The full set of entries below, restated word for word and stripped of images, is the expected result.

-------------------------

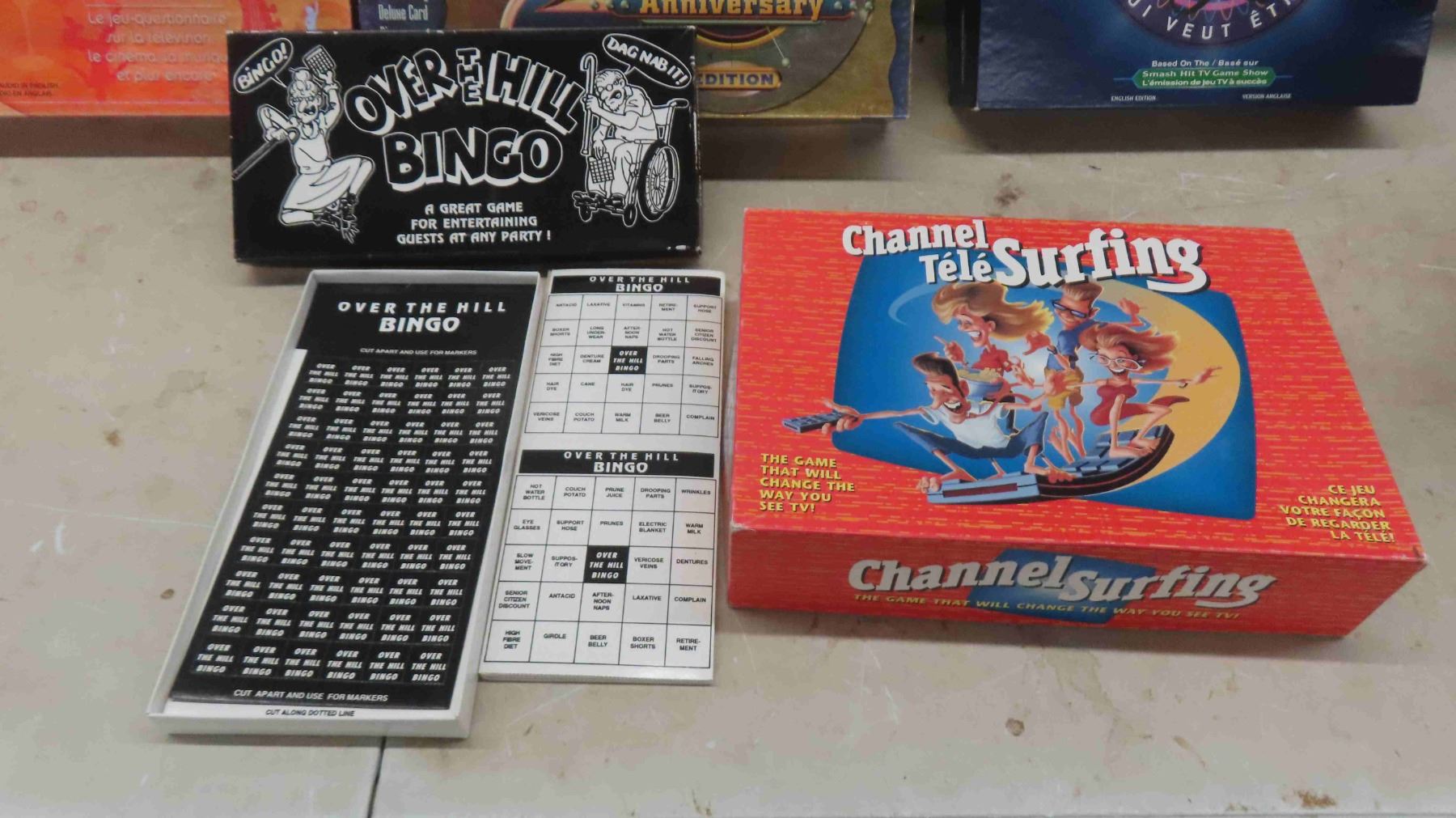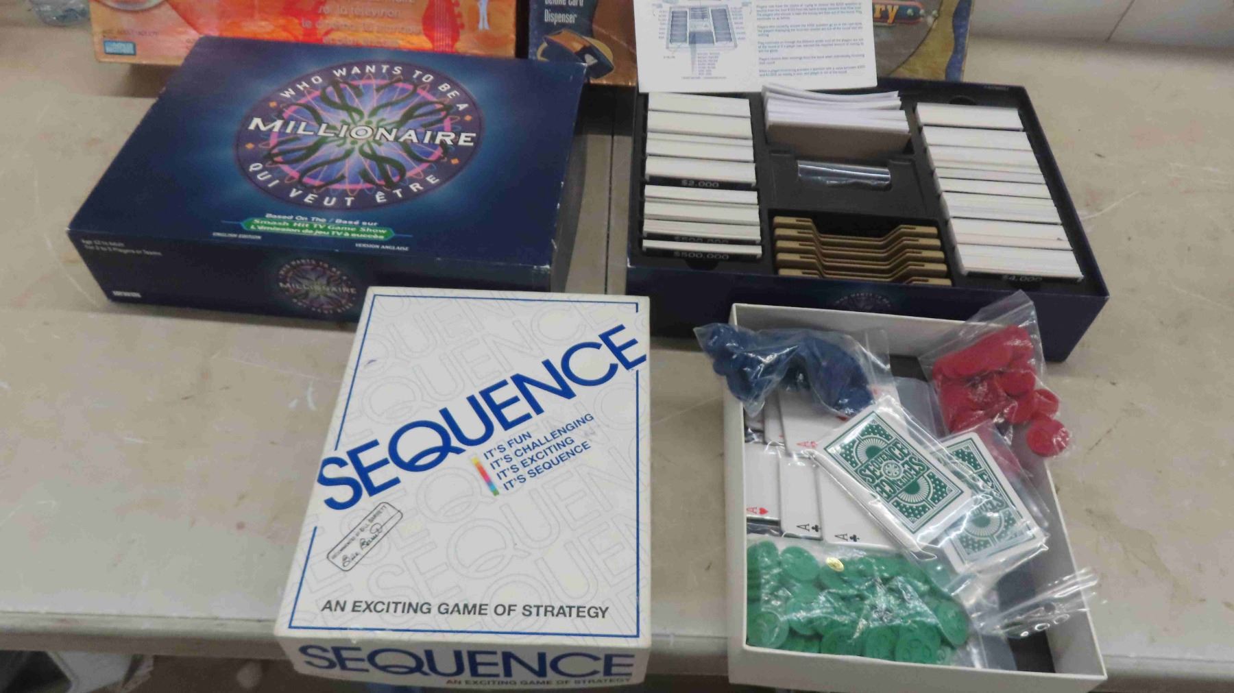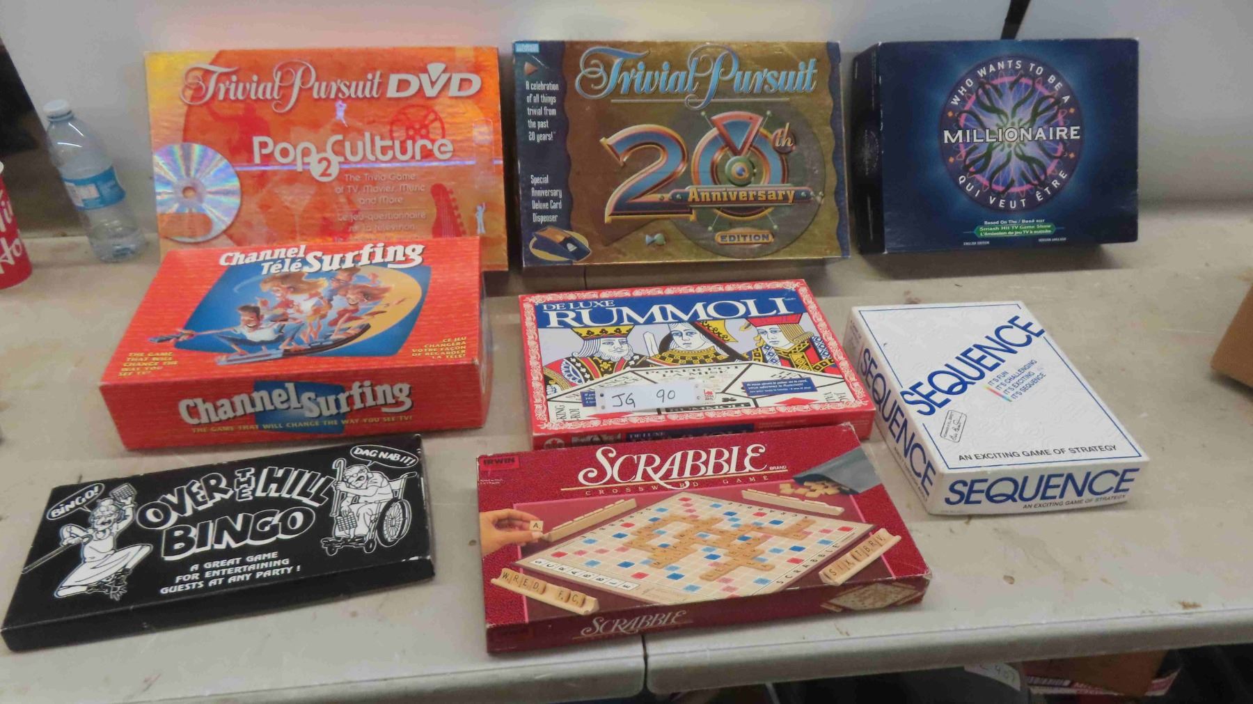 8 Games : Trivia Pursuit DVD , Pop2 Culture , Trivial Pursuit 20th Anniversary , Channel Surfing , Deluxe Rummoly , Scrabble , Who Wants To Be A Millionaire , Over The Hill Bingo , Sequence (1 Card Missing)
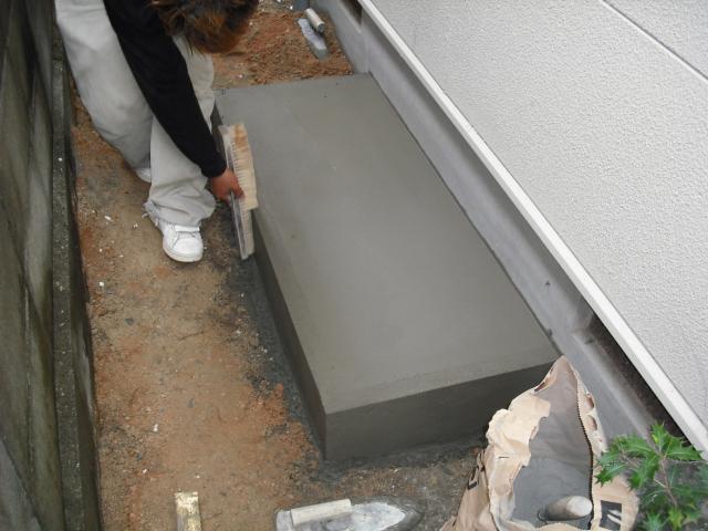 当社では、基礎工事において、水道屋さんが型枠にセメントを流しこんで行なったり、簡易型のエコベースなどは使う方法ではなく、本職の左官が基礎工事を行います。
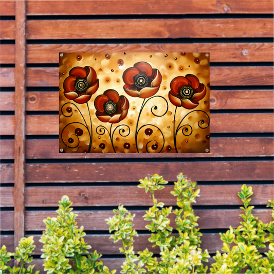 Abstracte warme bloemen kunstwerk schilderij tuinposter
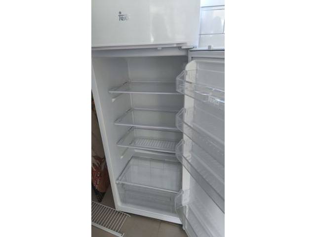 Teka refrigerator with freezer compartment at the top. White, glass shelves
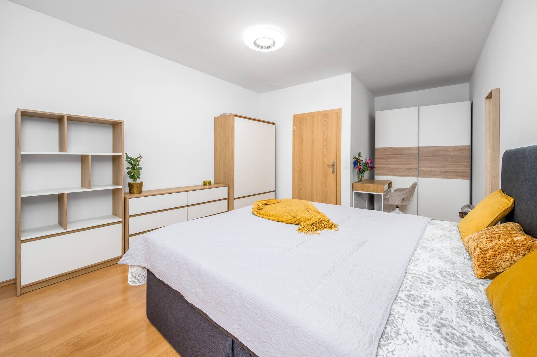 Nabízím k pronájmu krásný mezonetový byt o dispozici 2+kk, obytné ploše 69 m², užitné ploše 82 m², s garážovým stáním a dvěma balkony (13 m²).
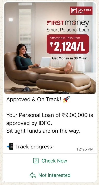Solution: Send interactive WhatsApp messages with product images and buy-now buttons. For urgent deals or abandoned cart nudges, trigger SMS if WhatsApp is undelivered.
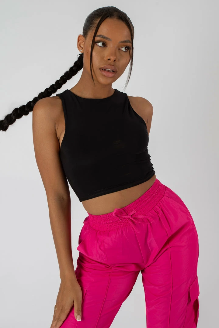 A SLINKY SOFT TOUCH RACER TOP. THE ULTIMATE WARDROBE MUST HAVE STYLE.

-------------------------

Answer for the task >>
 8 Games : Trivia Pursuit DVD , Pop2 Culture , Trivial Pursuit 20th Anniversary , Channel Surfing , Deluxe Rummoly , Scrabble , Who Wants To Be A Millionaire , Over The Hill Bingo , Sequence (1 Card Missing)
 当社では、基礎工事において、水道屋さんが型枠にセメントを流しこんで行なったり、簡易型のエコベースなどは使う方法ではなく、本職の左官が基礎工事を行います。
 Abstracte warme bloemen kunstwerk schilderij tuinposter
 Teka refrigerator with freezer compartment at the top. White, glass shelves
 Nabízím k pronájmu krásný mezonetový byt o dispozici 2+kk, obytné ploše 69 m², užitné ploše 82 m², s garážovým stáním a dvěma balkony (13 m²).
Solution: Send interactive WhatsApp messages with product images and buy-now buttons. For urgent deals or abandoned cart nudges, trigger SMS if WhatsApp is undelivered.
 A SLINKY SOFT TOUCH RACER TOP. THE ULTIMATE WARDROBE MUST HAVE STYLE.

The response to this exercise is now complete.